_What to work on_: Copying rule for the data below: pictures stay out, and only the lines from the one with "A VICTORIAN STYLE" down to the one with "POSTCARD TITLE: Students", inclusive, are repeated exactly.

_Data listing_:
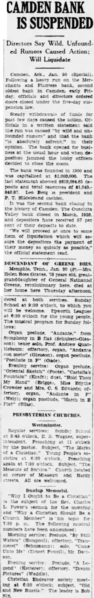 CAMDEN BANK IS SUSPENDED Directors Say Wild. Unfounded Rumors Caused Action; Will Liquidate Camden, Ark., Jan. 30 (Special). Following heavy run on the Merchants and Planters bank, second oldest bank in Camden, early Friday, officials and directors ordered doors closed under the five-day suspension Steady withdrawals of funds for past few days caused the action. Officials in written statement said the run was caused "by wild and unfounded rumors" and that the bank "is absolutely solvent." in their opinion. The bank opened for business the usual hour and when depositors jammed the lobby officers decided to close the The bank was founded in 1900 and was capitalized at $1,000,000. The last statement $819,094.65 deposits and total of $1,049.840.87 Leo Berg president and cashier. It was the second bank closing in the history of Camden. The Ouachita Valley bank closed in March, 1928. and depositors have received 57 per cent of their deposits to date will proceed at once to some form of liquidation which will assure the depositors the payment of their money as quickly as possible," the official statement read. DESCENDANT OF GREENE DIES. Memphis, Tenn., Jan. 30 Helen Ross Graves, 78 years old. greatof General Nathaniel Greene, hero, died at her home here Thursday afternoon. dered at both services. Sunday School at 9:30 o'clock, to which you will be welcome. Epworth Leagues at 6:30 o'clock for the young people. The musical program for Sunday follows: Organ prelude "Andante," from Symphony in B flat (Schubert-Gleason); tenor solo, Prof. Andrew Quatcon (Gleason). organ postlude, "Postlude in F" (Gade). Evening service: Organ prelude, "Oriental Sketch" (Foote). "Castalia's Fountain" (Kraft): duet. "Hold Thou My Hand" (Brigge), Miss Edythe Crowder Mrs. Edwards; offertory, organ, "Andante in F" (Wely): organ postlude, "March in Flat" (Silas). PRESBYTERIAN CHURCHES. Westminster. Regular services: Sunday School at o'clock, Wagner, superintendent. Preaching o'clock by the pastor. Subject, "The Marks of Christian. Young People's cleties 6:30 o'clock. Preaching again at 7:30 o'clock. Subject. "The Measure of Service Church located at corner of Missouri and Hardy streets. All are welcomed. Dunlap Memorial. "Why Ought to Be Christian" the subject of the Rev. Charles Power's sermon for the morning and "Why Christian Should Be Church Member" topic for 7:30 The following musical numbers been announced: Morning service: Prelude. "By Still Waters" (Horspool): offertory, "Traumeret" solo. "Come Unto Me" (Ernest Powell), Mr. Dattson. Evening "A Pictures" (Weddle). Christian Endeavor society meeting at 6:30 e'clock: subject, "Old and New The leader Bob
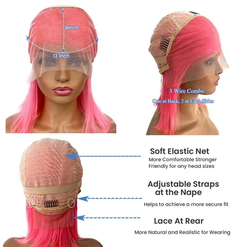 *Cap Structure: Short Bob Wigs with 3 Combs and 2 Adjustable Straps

--

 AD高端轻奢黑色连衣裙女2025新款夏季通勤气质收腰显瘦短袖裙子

...

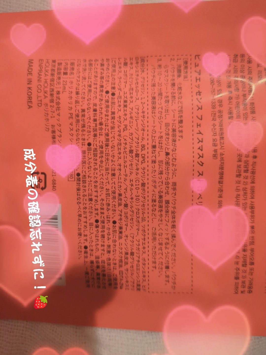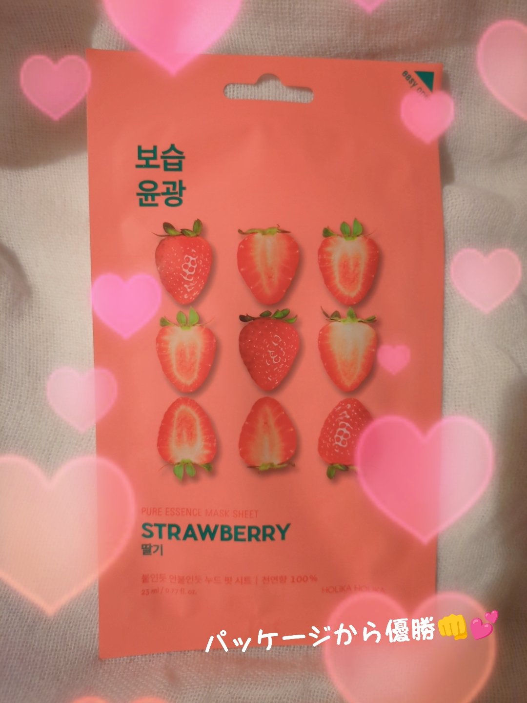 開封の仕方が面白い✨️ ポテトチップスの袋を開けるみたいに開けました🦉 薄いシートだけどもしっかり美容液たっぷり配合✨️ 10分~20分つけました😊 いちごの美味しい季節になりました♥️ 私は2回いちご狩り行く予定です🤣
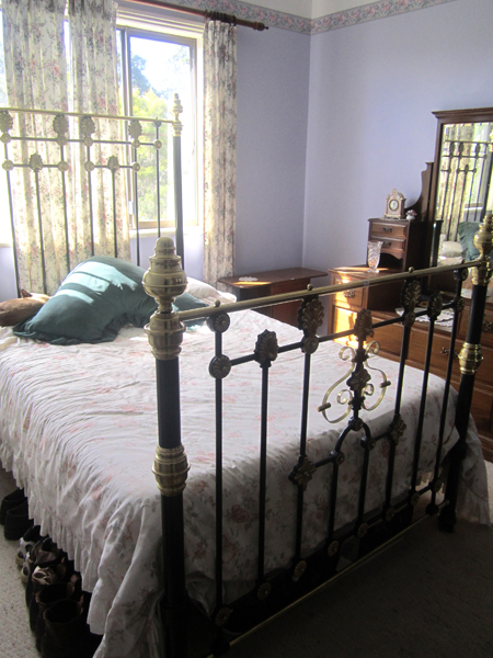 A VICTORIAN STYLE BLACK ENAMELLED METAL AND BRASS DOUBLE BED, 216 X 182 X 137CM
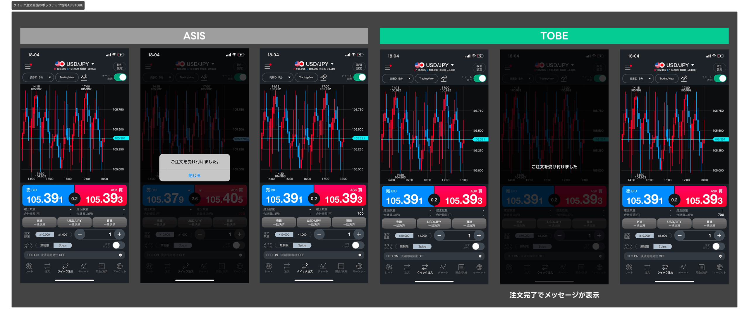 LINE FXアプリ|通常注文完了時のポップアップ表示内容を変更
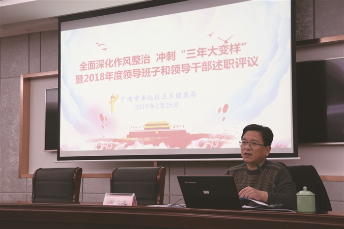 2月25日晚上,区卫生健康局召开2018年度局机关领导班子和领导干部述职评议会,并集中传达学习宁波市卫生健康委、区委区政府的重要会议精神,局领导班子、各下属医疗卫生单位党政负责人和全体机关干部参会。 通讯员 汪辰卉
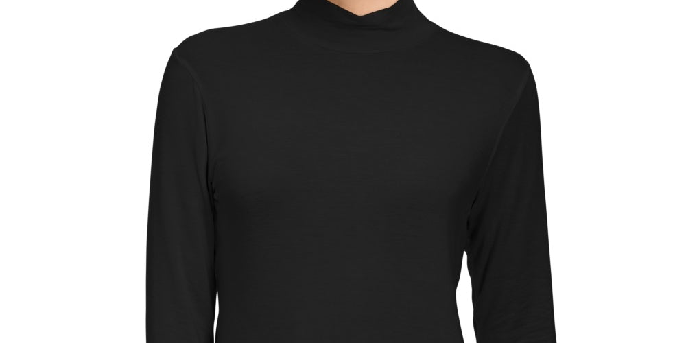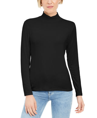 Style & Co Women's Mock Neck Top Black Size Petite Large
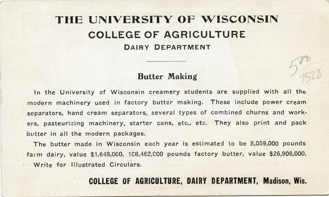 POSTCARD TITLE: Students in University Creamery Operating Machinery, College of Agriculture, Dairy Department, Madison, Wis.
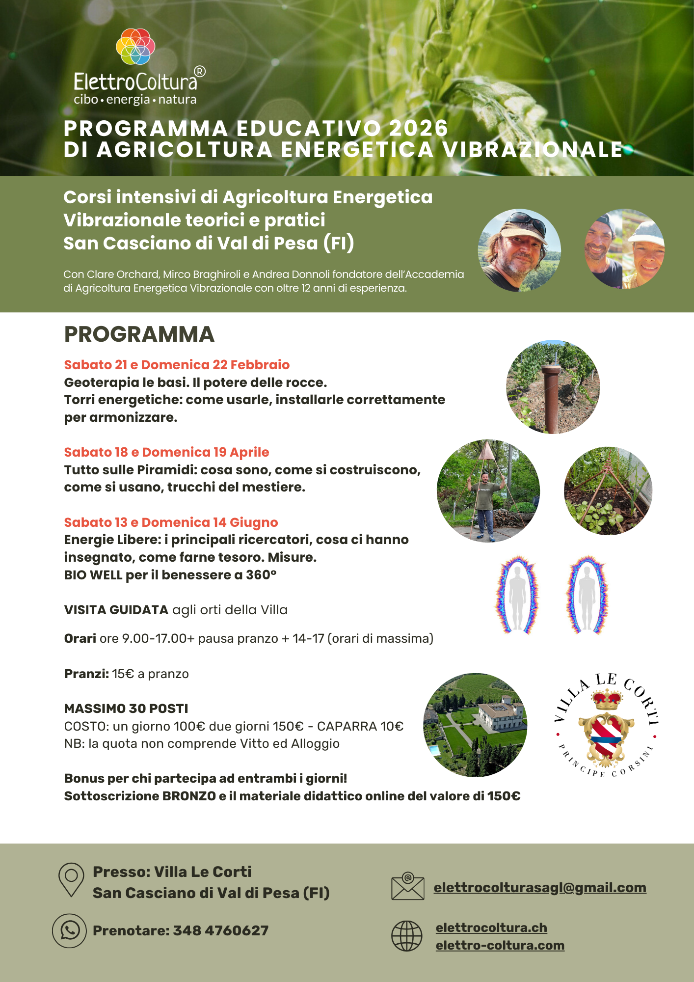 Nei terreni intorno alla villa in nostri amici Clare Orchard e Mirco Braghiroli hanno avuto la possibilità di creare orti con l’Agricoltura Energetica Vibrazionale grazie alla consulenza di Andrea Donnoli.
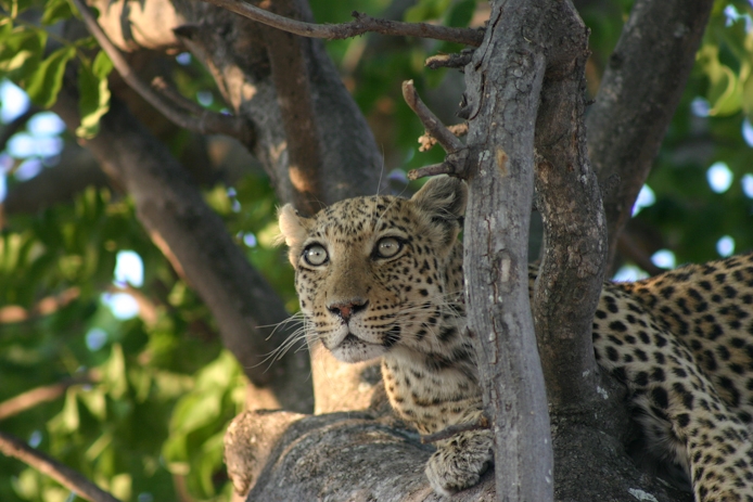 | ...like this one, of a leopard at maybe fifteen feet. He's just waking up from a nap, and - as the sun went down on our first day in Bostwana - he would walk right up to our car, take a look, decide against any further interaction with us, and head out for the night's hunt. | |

_Answer for this exercise_:
 A VICTORIAN STYLE BLACK ENAMELLED METAL AND BRASS DOUBLE BED, 216 X 182 X 137CM
 LINE FXアプリ|通常注文完了時のポップアップ表示内容を変更
 2月25日晚上,区卫生健康局召开2018年度局机关领导班子和领导干部述职评议会,并集中传达学习宁波市卫生健康委、区委区政府的重要会议精神,局领导班子、各下属医疗卫生单位党政负责人和全体机关干部参会。 通讯员 汪辰卉
 Style & Co Women's Mock Neck Top Black Size Petite Large
 POSTCARD TITLE: Students in University Creamery Operating Machinery, College of Agriculture, Dairy Department, Madison, Wis.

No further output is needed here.